Antibodies are produced by B cells in two ways: (i) randomly, and (ii) in response to a foreign protein or substance within the body. Initially, one B cell produces one specific kind of antibody. In either case, the B cell is allowed to proliferate or is killed off through a process called clonal deletion. Normally, the immune system is able to recognize and ignore the body's own healthy proteins, cells, and tissues, and to not overreact to non-threatening substances in the environment, such as foods. Sometimes, however, the immune system ceases to recognize one or more of the body's normal constituents as "self," leading to production of pathological autoantibodies. These autoantibodies attack the body's own healthy cells, tissues, and/or organs, causing inflammation and damage. It should be noted that autoantibodies may also play a nonpathological role; for instance they may help the body to destroy cancers and to eliminate waste products. The role of autoantibodies in normal immune function is also a subject of scientific research.

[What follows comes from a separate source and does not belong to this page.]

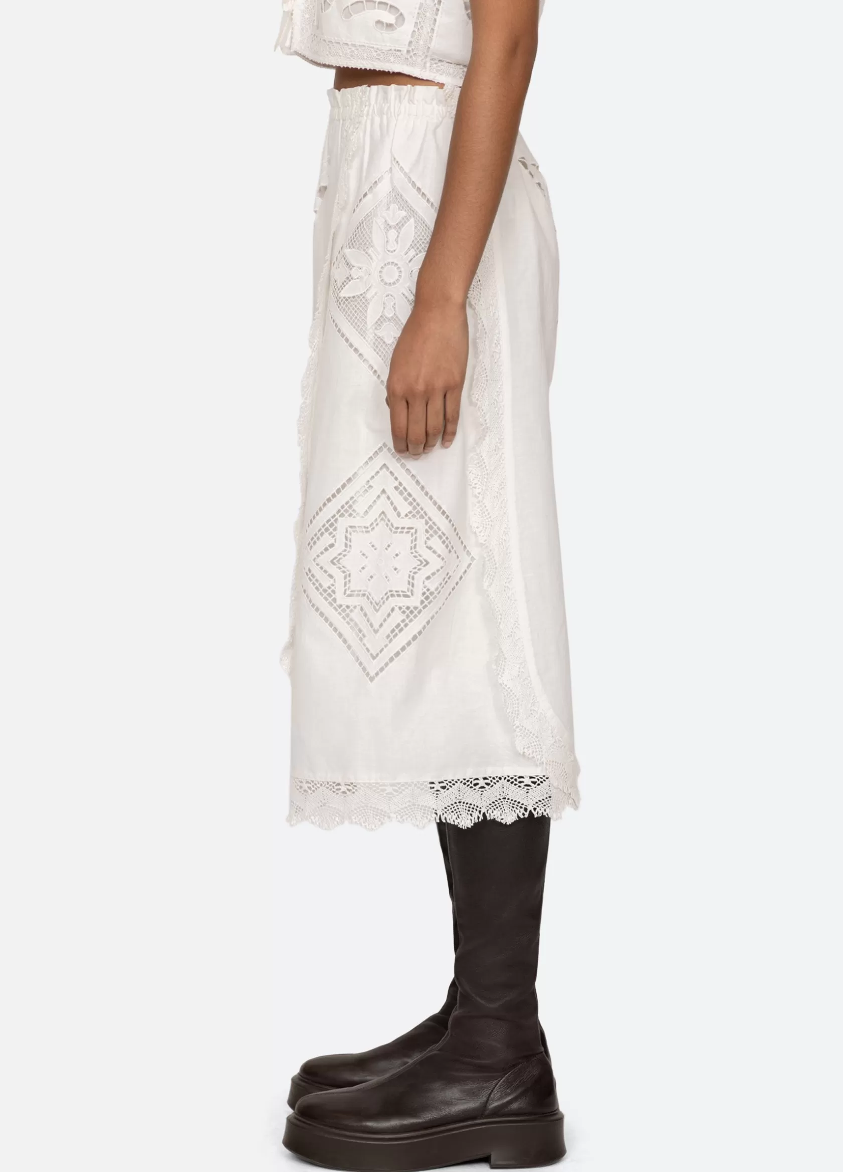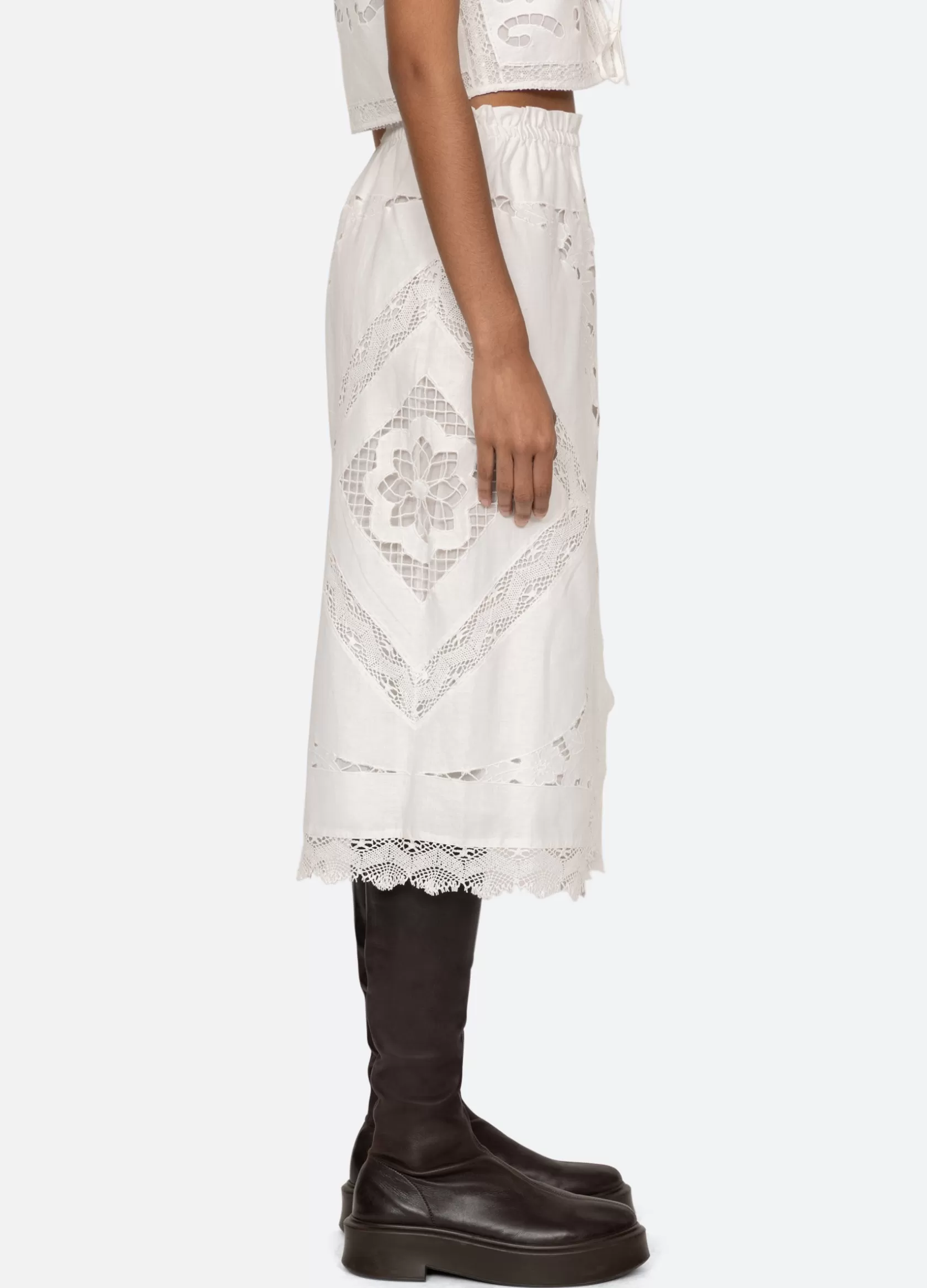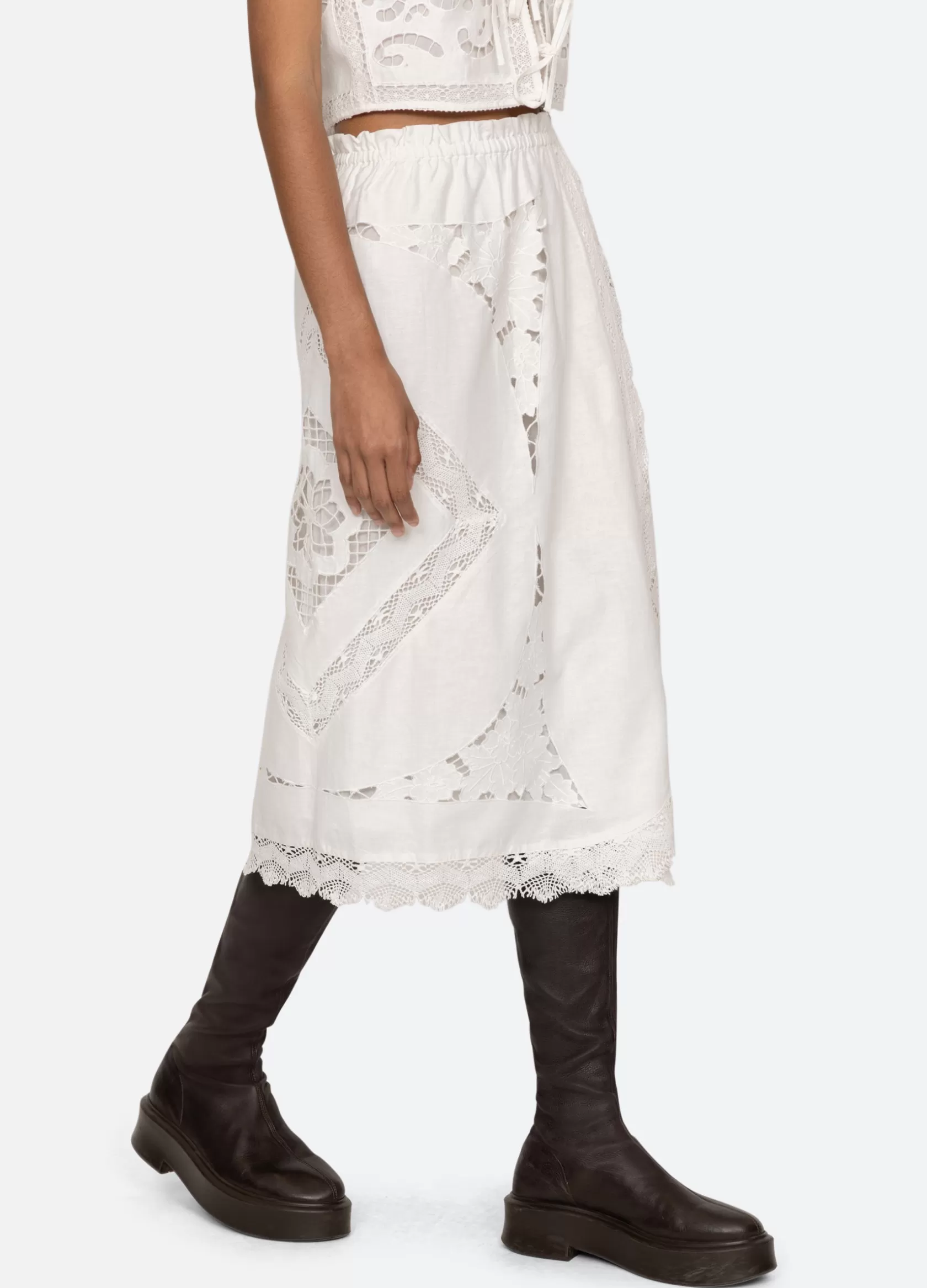 The Edith skirt features an elasticized waistband and embroidered detailing throughout.

The causes of autoantibody production are varied and not well understood. It is thought that some autoantibody production is due to a genetic predisposition combined with an environmental trigger, such as a viral illness or a prolonged exposure to certain toxic chemicals. There is generally not a direct genetic link however. While families may be susceptible to autoimmune conditions, individual family members may have different autoimmune disorders, or may never develop an autoimmune condition. Researchers believe that there may also be a hormonal component as many of the autoimmune conditions are much more prevalent in women of childbearing age.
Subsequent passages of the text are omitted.